The reason why I ask is because tires can gain pressure (psi) when being driven (heat gained from friction which increases internal tire pressure) so I'm not sure what that number exactly entails. Does the manufacturers suggested inflation pressure mean the pressure in the tire should match that value at all times? Tires gain psi when being driven so how is it possible to always be at that exact psi value unless I'm constantly changing the psi in the tires. I'm guessing the number set by the manufacturer is in reference of the minimum value that a cold tire air pressure should be set to. This would mean that slight over inflation is better than under inflation from a practical standpoint. Am I wrong?
It is actually far more complicated than that.
The manufacturer suggested tire pressure is for the tires, cold, before driving. The problem with this is the suggested value is for the specific tires that the car came with. It is possible to replace the tires with ones that would be over inflated or under inflated by the suggested value.

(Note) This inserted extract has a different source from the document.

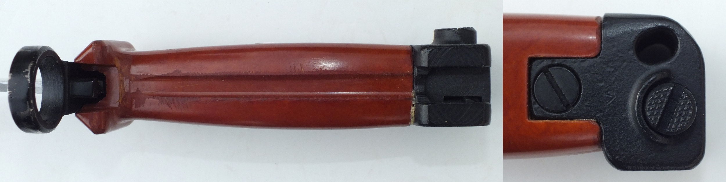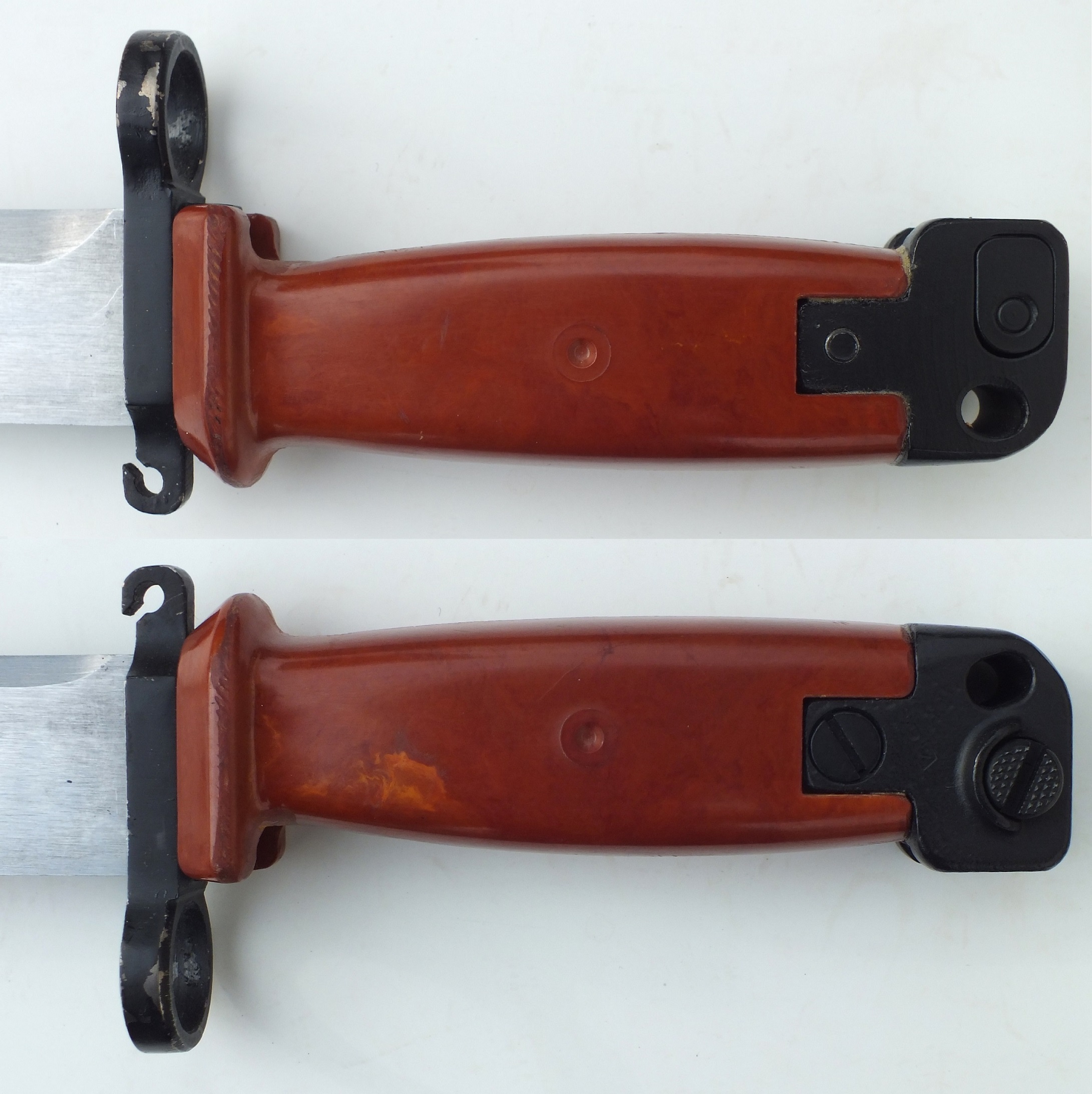 That's what I thought. Thanks for the semi-confirmation. I would think Poland and all the other ComBloc countries that manufacture the wire cutter bayonets would use procedures similar to the M9 for the blades. It appears Poland was simplifying the 6H4 to cut manufacturing expenses on these bayonets. I understand these prototypes were made up for possible contract sales? They were already less expensive than other typical Type IIs without the saw teeth. By using exiting tooling but eliminating the pivot hole, and the guard hook machining on the bayonet and a different finish.. I wonder why they didn't eliminate the strap hole on the pommel as well? Maybe cost more to eliminate than the savings? They must have considered making large quantities of these variations to justify the savings for all the changes.

Cars normally come with 44psi max tires. There are 35psi max tires. Inflating them to the suggested sticker would be over inflating them.
Many trucks come with 44psi max tires. There are 55psi max tires (load range E). Inflating them to the suggested sticker would be under inflating them.

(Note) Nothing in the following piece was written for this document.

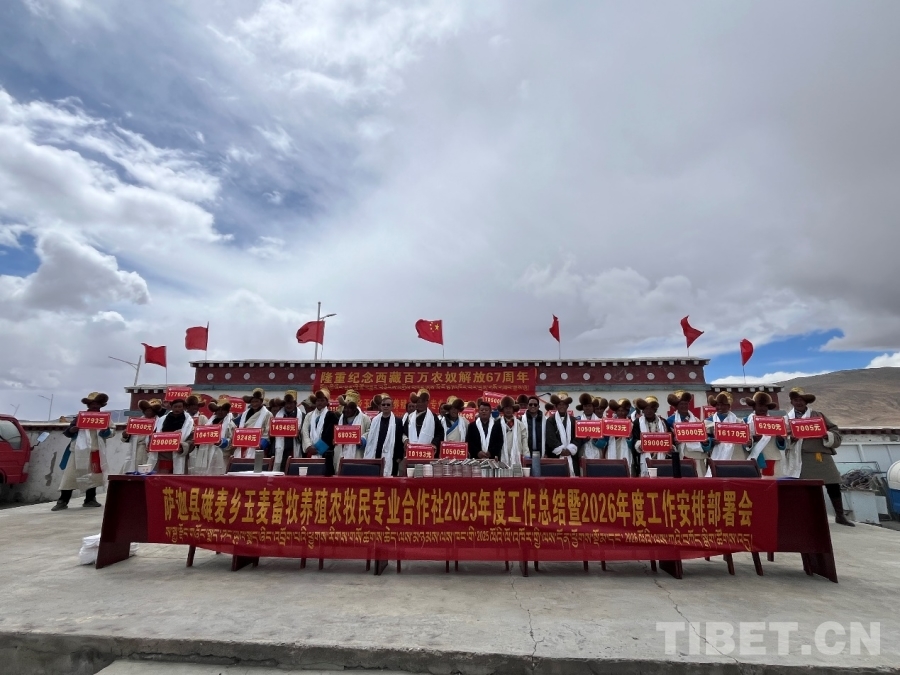 中国西藏网讯 3月28日,西藏日喀则市萨迦县雄麦乡举行纪念西藏民主改革67周年暨2025年度玉麦畜牧养殖农牧民专业合作社分红仪式。

Follow the recommendation for the tire not the car.
Then the manufacturer sets the cold-inflation pressure they're aiming for a desired pressure at running temperature. They adjust that down to a cold-inflation pressure by assuming a given amount of temperature increase from cold.
Manufacturers tend to set the recommended pressure toward the low end of the desirable range to give a softer ride. (At least, for typical passenger cars.) So, yes, slight over inflation is definitely more desirable than slight under inflation.